Connecting to the dashboard¶
The runner writes events to _framework/events.jsonl. The dashboard backend
(make dashboard) reads from the same paths. To see the runner's events live:
# Terminal 1 — dashboard backend
make dashboard
# Terminal 2 — runner
python -m src.orchestrators.runner "criar componente React"
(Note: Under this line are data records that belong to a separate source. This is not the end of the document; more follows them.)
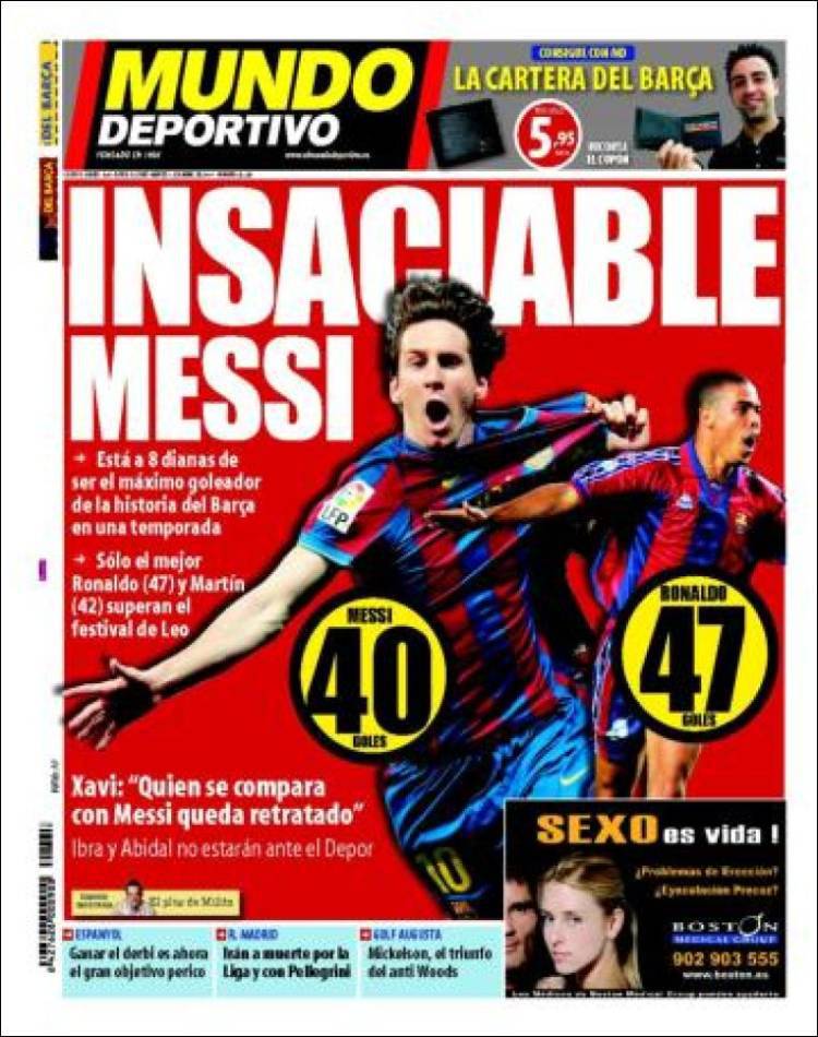 Sul quotidiano catalano El Mundo Deportivo si parla del talento del Barcellona e del calcio mondiale Lionel Messi definito “insaziabile”. Infatti l’argentino ha dichiarato di voler vincere tutti i trofei possibili sia con il Barcellona, sia con l’Argentina e sia a livello personale, con il probabile secondo Pallone d’Oro e la Scarpa d’oro visto che con il gol nel “Clasico” ha superato in classifica Rooney del Manchester United.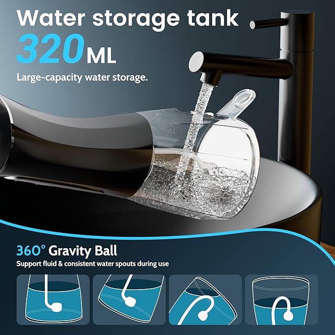 - Convenient and Easy to Use: Equipped with an 320 ml extra-large water tank, our water flosser for teeth allows for uninterrupted cleaning without the need for frequent refills. The wide-mouth design makes filling and cleaning the tank quick and easy. With an IPX7 waterproof rating, you can safely use it in the shower. The ergonomic handle and multiple interchangeable tips ensure a comfortable grip and versatile use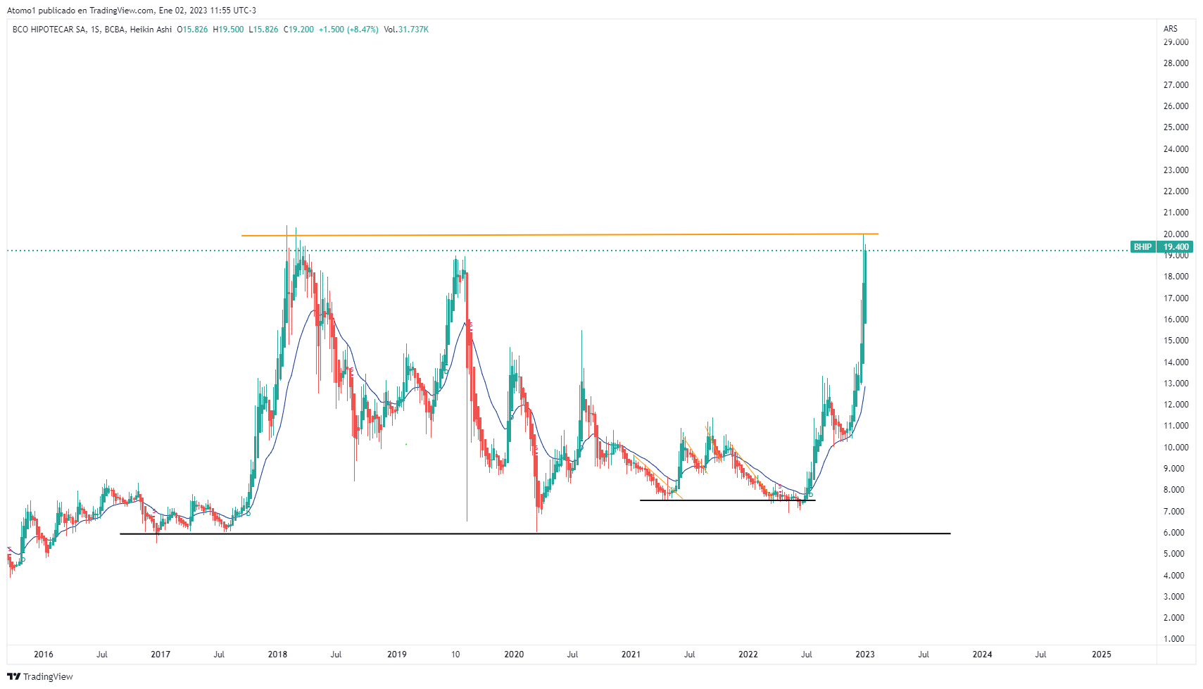 año 2018 pico de bhip con mauricio ---bhip 1 dolar que estaba $19 pesos....hoy dolar creo esta 190...y bhip en $27 pesitos.

Then open http://localhost:8000 to watch the WorldState update in real-time as the capsule runs through Phase 0→6.
Limitations of v1.x¶
- Specialists are still generic — each specialist has a 2-3 sentence
default system prompt. Sprint 2 promotes them to full
PROMPT.mdfiles. - Skills are still markdown only — the SKILL.md content is sent as prompt prefix; no tool-use binding yet. Sprint 2 introduces executable skills.
- No real tool-use in Phase 4 — the executor calls the LLM with the task description; the LLM returns text. For real shell/git/HTTP actions, wait for Sprint 2's tool-use integration.